Top of SOURCE INFORMATION
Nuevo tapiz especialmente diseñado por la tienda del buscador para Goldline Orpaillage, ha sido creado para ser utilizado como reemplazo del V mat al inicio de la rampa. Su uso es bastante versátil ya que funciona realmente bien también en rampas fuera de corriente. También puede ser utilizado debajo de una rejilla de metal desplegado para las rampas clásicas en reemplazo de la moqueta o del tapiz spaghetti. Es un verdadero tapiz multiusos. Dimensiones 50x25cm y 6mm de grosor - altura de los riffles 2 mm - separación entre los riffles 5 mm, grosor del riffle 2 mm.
Bottom of SOURCE INFORMATION
Top of SOURCE INFORMATION
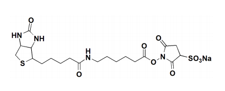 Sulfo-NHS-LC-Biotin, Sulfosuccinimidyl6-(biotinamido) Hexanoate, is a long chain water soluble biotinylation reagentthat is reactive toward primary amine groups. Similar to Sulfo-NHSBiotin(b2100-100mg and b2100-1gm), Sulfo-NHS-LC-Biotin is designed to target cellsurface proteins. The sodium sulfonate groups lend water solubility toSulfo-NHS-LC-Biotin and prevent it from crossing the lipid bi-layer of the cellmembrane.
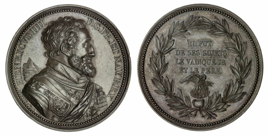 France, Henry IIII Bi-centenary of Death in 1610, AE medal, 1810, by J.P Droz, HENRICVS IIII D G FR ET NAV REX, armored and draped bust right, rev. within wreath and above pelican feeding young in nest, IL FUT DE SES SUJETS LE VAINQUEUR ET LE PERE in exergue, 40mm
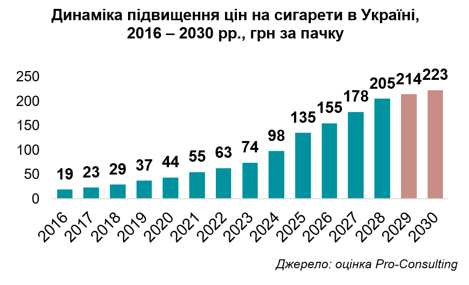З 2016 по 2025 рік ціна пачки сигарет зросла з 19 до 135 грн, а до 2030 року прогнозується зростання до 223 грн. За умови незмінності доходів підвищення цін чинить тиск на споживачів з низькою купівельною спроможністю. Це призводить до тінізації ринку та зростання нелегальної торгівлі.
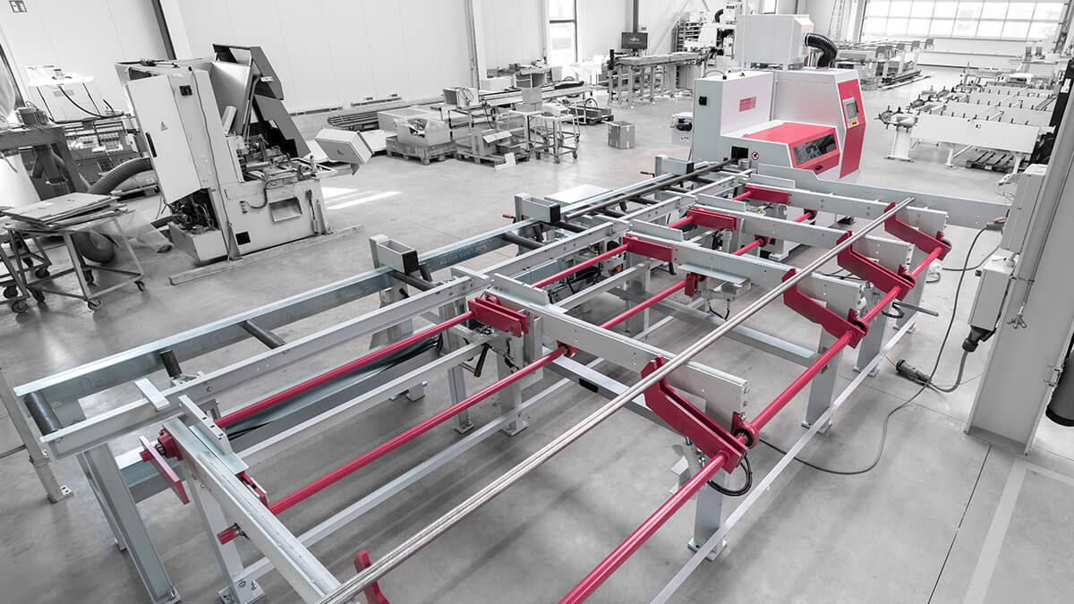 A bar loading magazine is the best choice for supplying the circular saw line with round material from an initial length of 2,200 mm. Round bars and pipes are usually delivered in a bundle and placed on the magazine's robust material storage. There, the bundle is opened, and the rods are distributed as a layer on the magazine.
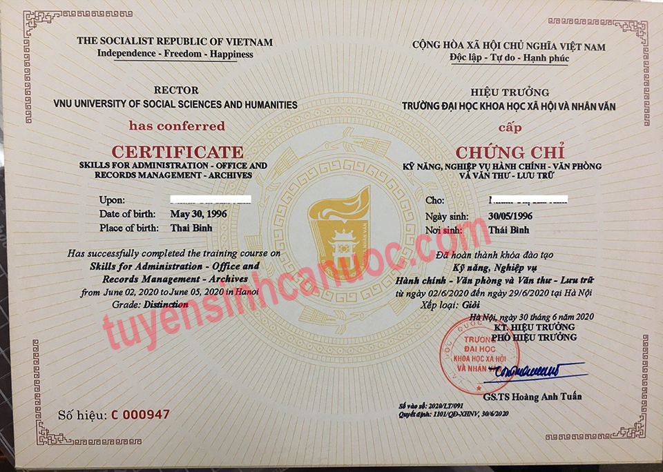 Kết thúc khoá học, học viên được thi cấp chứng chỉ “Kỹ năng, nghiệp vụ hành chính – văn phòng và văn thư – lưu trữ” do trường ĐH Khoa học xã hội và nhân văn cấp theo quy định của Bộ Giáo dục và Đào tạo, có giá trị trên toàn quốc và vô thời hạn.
Bottom of SOURCE INFORMATION
Top of SOURCE INFORMATION
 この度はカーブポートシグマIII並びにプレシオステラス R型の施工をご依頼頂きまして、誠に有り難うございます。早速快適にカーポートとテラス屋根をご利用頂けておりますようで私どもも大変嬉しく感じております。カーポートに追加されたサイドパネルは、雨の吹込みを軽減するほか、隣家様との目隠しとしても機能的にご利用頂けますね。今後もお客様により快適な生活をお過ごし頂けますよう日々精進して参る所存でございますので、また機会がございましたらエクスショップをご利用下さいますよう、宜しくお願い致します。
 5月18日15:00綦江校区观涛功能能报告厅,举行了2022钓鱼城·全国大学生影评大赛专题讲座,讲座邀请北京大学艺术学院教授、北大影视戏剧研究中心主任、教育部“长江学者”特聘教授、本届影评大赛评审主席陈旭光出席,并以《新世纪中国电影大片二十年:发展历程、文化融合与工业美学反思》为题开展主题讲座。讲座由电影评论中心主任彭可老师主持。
Bottom of SOURCE INFORMATION
> [ASSIGNMENT]: Nothing outside the stretch above, from the line with "France, Henry IIII" through the line with "Kết thúc khoá", is set down. Transcribe that stretch exactly, ends included, but not its pictures.

> [SOLUTION]:
 France, Henry IIII Bi-centenary of Death in 1610, AE medal, 1810, by J.P Droz, HENRICVS IIII D G FR ET NAV REX, armored and draped bust right, rev. within wreath and above pelican feeding young in nest, IL FUT DE SES SUJETS LE VAINQUEUR ET LE PERE in exergue, 40mm
З 2016 по 2025 рік ціна пачки сигарет зросла з 19 до 135 грн, а до 2030 року прогнозується зростання до 223 грн. За умови незмінності доходів підвищення цін чинить тиск на споживачів з низькою купівельною спроможністю. Це призводить до тінізації ринку та зростання нелегальної торгівлі.
 A bar loading magazine is the best choice for supplying the circular saw line with round material from an initial length of 2,200 mm. Round bars and pipes are usually delivered in a bundle and placed on the magazine's robust material storage. There, the bundle is opened, and the rods are distributed as a layer on the magazine.
 Kết thúc khoá học, học viên được thi cấp chứng chỉ “Kỹ năng, nghiệp vụ hành chính – văn phòng và văn thư – lưu trữ” do trường ĐH Khoa học xã hội và nhân văn cấp theo quy định của Bộ Giáo dục và Đào tạo, có giá trị trên toàn quốc và vô thời hạn.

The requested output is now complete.